• _What you are asked to do_: Retype word for word the stretch of entries below from the line that has "Vue d'ensemble : faces" through the line that has "الأنباط - عمان", and omit the pictures.

• _Stored data_:
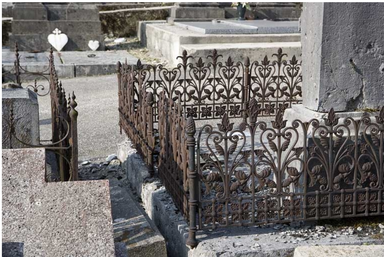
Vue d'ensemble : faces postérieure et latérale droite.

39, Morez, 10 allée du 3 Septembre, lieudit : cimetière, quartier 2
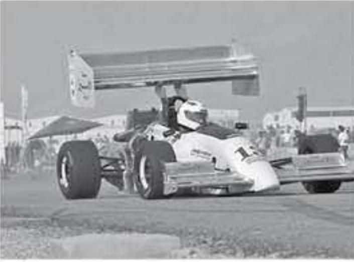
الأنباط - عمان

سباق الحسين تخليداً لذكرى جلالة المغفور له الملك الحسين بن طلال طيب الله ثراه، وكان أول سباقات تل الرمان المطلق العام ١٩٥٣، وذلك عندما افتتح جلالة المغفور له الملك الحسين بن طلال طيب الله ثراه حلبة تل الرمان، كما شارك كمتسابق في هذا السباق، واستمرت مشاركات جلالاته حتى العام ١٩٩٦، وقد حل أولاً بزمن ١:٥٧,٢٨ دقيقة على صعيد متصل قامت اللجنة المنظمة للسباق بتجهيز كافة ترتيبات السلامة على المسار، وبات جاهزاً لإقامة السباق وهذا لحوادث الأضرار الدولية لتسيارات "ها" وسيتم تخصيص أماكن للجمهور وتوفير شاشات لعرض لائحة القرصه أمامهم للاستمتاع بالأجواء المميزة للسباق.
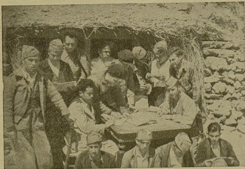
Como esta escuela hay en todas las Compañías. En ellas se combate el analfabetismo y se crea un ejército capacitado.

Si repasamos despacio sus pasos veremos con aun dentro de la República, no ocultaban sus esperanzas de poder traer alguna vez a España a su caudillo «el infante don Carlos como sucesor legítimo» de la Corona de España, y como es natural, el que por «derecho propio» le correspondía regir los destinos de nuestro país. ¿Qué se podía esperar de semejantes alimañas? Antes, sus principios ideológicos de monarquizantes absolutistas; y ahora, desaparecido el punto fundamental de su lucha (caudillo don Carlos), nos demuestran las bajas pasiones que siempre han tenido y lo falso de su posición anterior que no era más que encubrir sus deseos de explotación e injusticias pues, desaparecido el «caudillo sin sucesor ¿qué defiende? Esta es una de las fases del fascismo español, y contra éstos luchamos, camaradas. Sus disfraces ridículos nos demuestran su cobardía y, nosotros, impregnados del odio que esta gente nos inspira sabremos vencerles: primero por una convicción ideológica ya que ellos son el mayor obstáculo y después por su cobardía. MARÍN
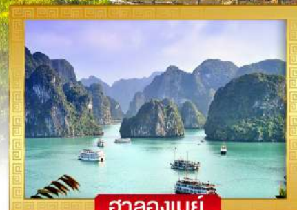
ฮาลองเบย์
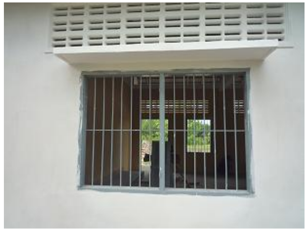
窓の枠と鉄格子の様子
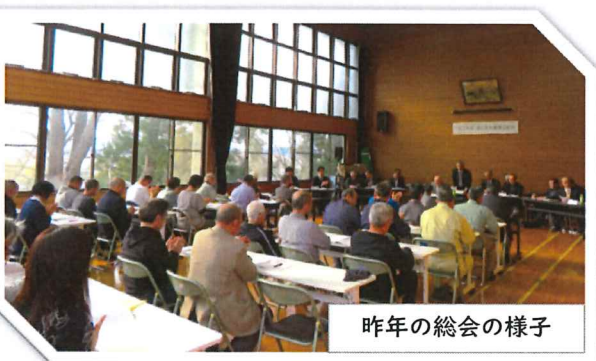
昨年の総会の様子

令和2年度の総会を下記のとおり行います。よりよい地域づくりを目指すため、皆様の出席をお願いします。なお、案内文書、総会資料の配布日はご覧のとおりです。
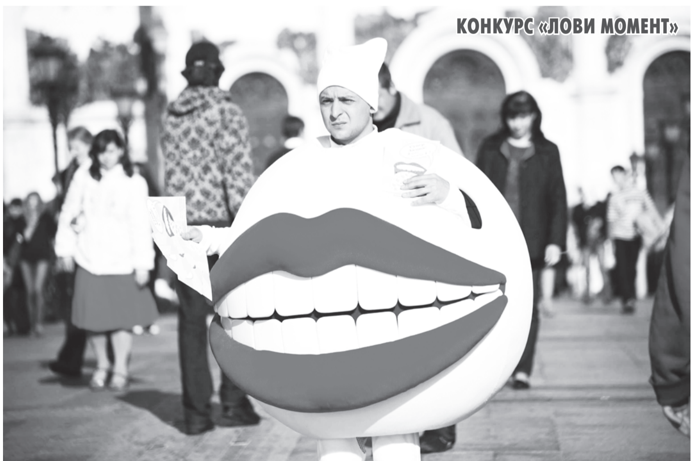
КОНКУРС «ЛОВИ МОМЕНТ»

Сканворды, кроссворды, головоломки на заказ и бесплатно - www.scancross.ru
--
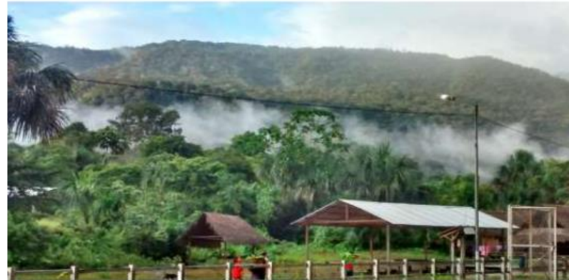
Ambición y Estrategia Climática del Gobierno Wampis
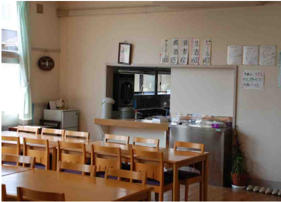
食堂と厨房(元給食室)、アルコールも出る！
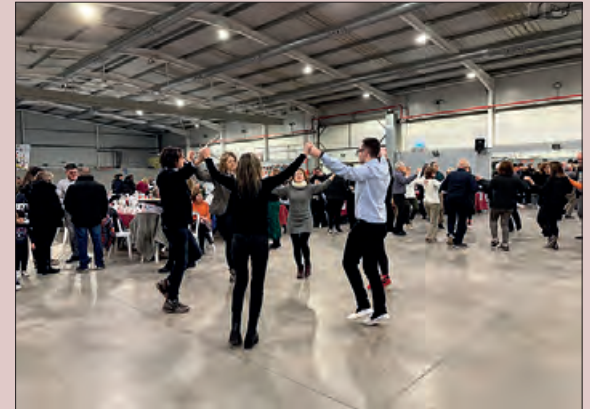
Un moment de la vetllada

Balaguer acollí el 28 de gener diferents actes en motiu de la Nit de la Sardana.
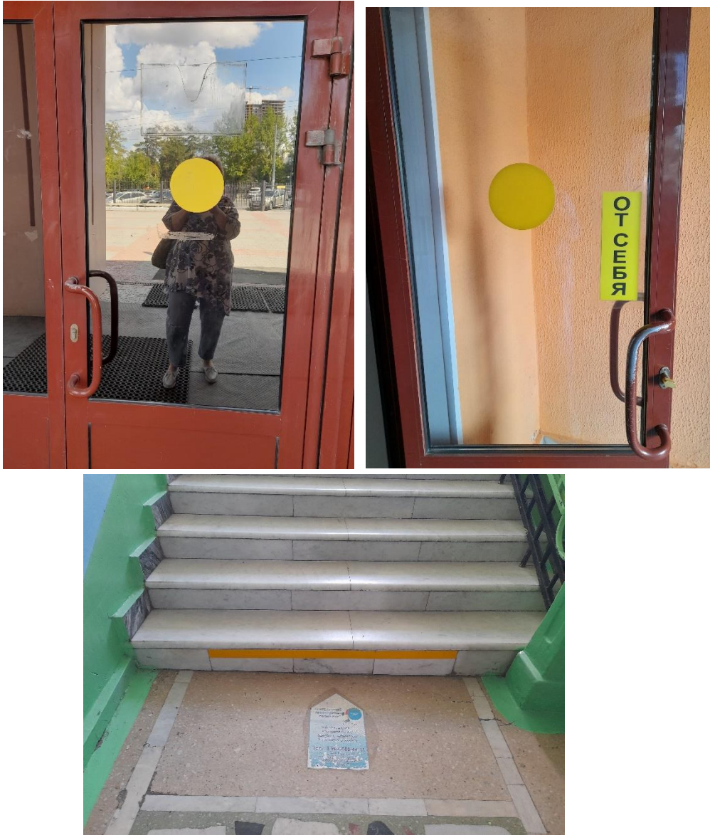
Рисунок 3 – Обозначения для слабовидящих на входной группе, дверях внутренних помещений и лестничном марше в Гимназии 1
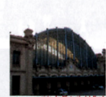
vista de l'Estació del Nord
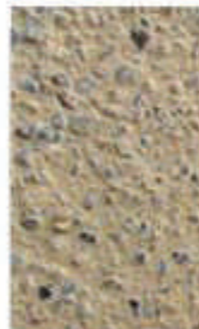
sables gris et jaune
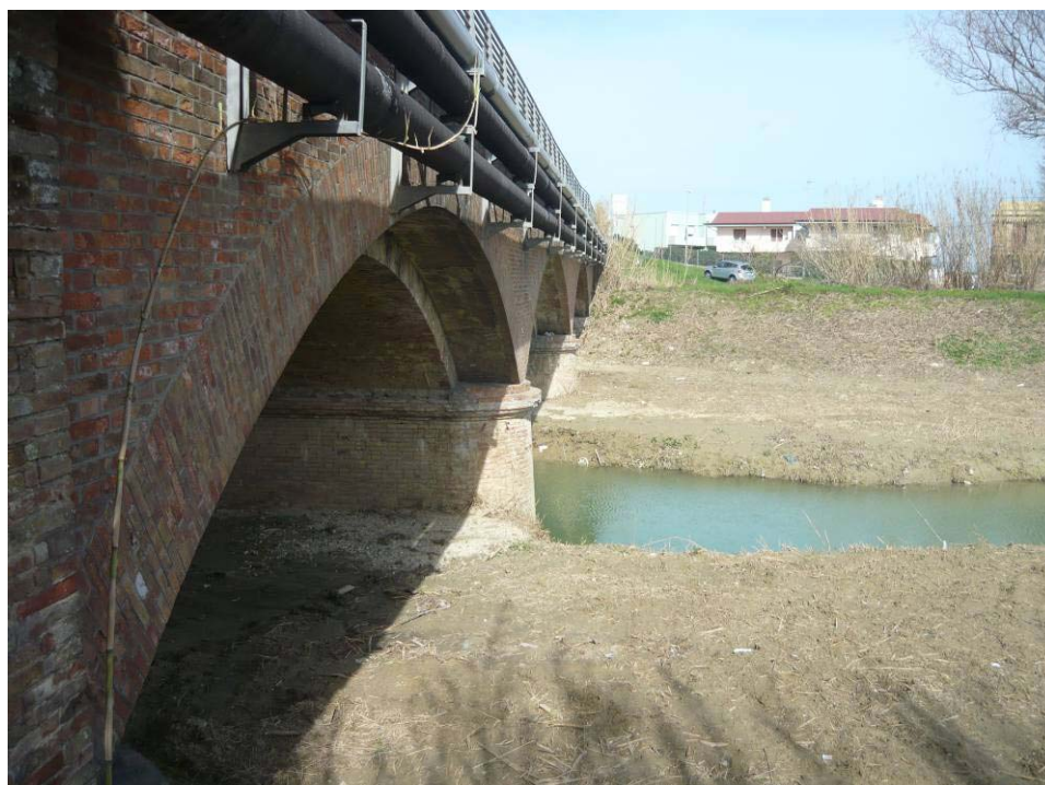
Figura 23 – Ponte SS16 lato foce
...
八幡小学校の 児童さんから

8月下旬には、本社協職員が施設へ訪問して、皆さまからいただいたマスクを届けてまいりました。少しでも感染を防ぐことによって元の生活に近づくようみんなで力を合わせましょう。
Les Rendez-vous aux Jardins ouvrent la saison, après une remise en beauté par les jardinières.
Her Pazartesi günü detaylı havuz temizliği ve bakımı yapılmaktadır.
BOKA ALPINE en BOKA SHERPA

• _Written response_:
Vue d'ensemble : faces postérieure et latérale droite.

39, Morez, 10 allée du 3 Septembre, lieudit : cimetière, quartier 2
الأنباط - عمان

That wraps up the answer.